The Texas Chainsaw Massacre is an American horror franchise consisting of nine slasher films, comics, and a video game adaptation of the original film. The franchise focuses on the cannibalistic spree killer Leatherface and his family, who terrorize unsuspecting visitors to their territories in the desolate Texas countryside, typically killing and subsequently cooking them. The original film was released in 1974, directed and produced by Tobe Hooper and written by Hooper and Kim Henkel. Hooper and Henkel were involved in three of the later films.

The film series has grossed over $252 million at the worldwide box office.

Films

The Texas Chain Saw Massacre, released in 1974, written and directed by Tobe Hooper, was the first and most successful entry in the series. It is considered to be the first of the 1970s slasher films, and originated a great many of the clichés seen in countless later low-budget slashers. Its plot concerns a family of cannibals living in rural Texas, who abduct customers from their gas station. The film's most notable character, Leatherface, is one of the most well-known villains in cinema history, notable for his masks made of human skin, his blood-soaked butcher's apron and the chainsaw he wields. Although the film is marketed as a true story, it does not depict actual events, and is instead (as with the film Psycho) inspired by notorious killer Ed Gein, who acted alone and did not use a chainsaw.
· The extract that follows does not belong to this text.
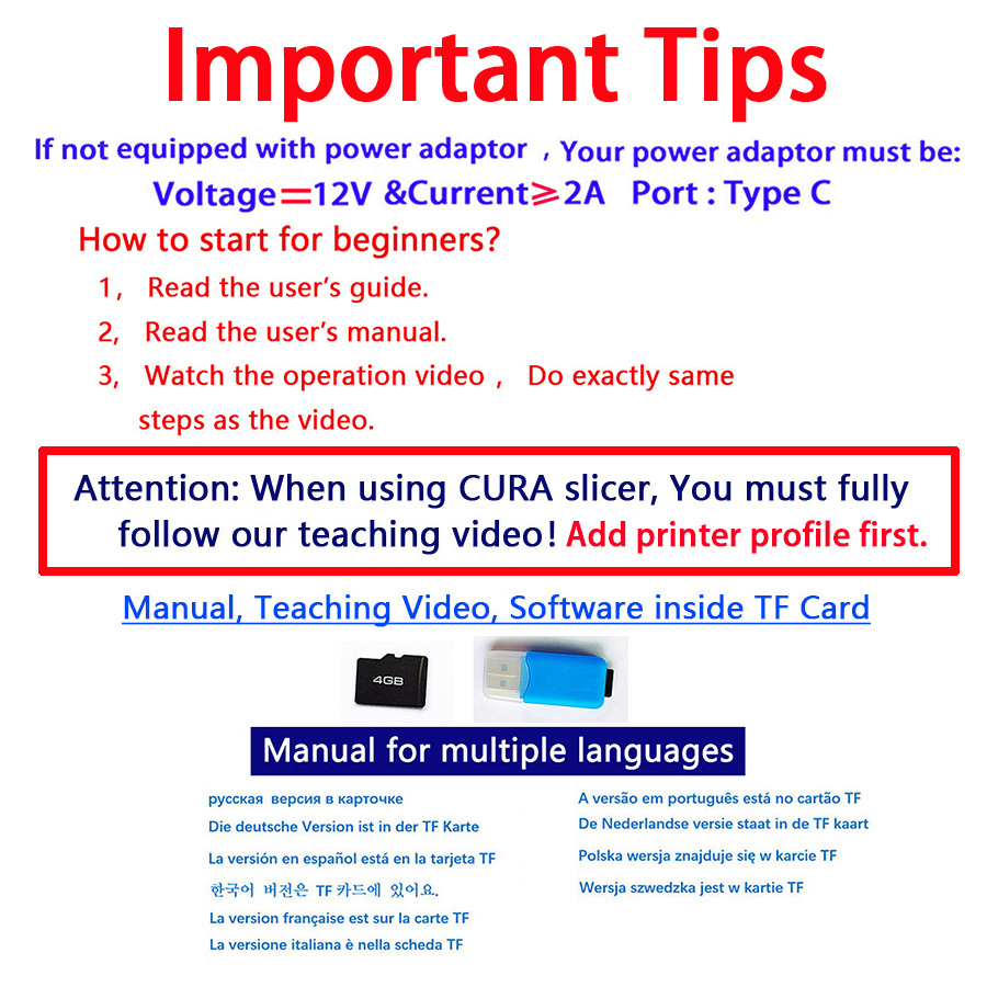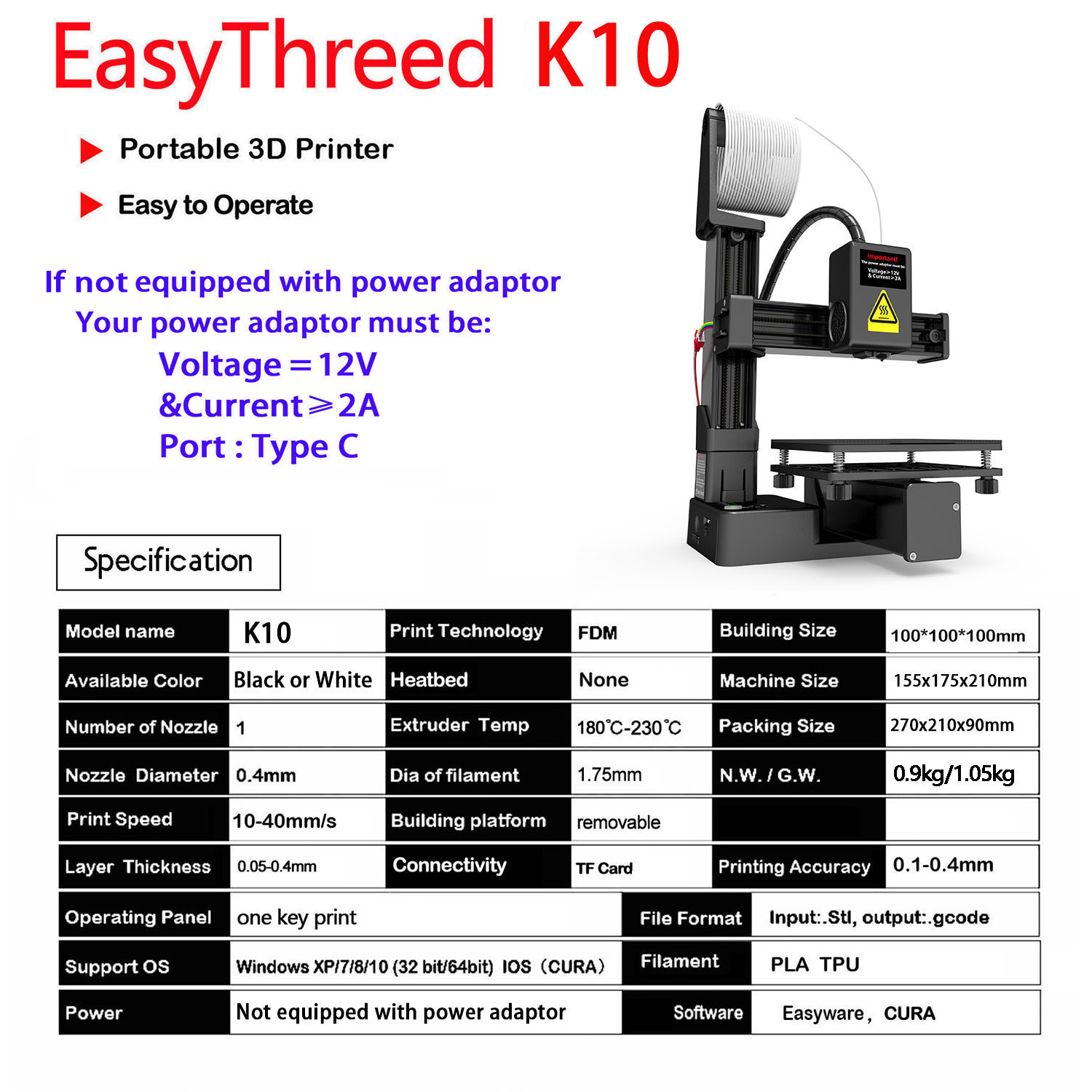 EasyThreed 3D Printer Entry Level Compatible with PLA TPU 1.75mm Filament include Power Adaptor.

The Texas Chainsaw Massacre 2 (1986) is set 13 years after the events of the first film. Although it managed to recoup its relatively small budget, the film was not considered a financial success. Since its initial release, however, it has developed a cult following of its own. Unlike its predecessor, which combined minimal gore with a documentary-style nature, the sequel is a comedic horror film, filled with black humor and various gore effects created by make-up maestro Tom Savini. The film features an appearance by novelist Kinky Friedman as well as film critic Joe Bob Briggs. Briggs' cameo appearance was originally cut in editing, but was restored for the director's cut version of the film when it was released on DVD.

Leatherface: The Texas Chainsaw Massacre III is a 1990 follow-up to the previous two films. It stars Kate Hodge, Ken Foree, and Viggo Mortensen and was directed by Jeff Burr. At the time, this was considered to be the first of several sequels in the series to be produced by New Line Cinema, but was not a commercial success, and New Line had no further involvement in the series. Texas Chainsaw Massacre: The Next Generation (1995) is the fourth and final film in the original series. Though it was shelved by Columbia Pictures after initial screenings, the film was released in 1997 after stars Renée Zellweger and Matthew McConaughey gained notoriety.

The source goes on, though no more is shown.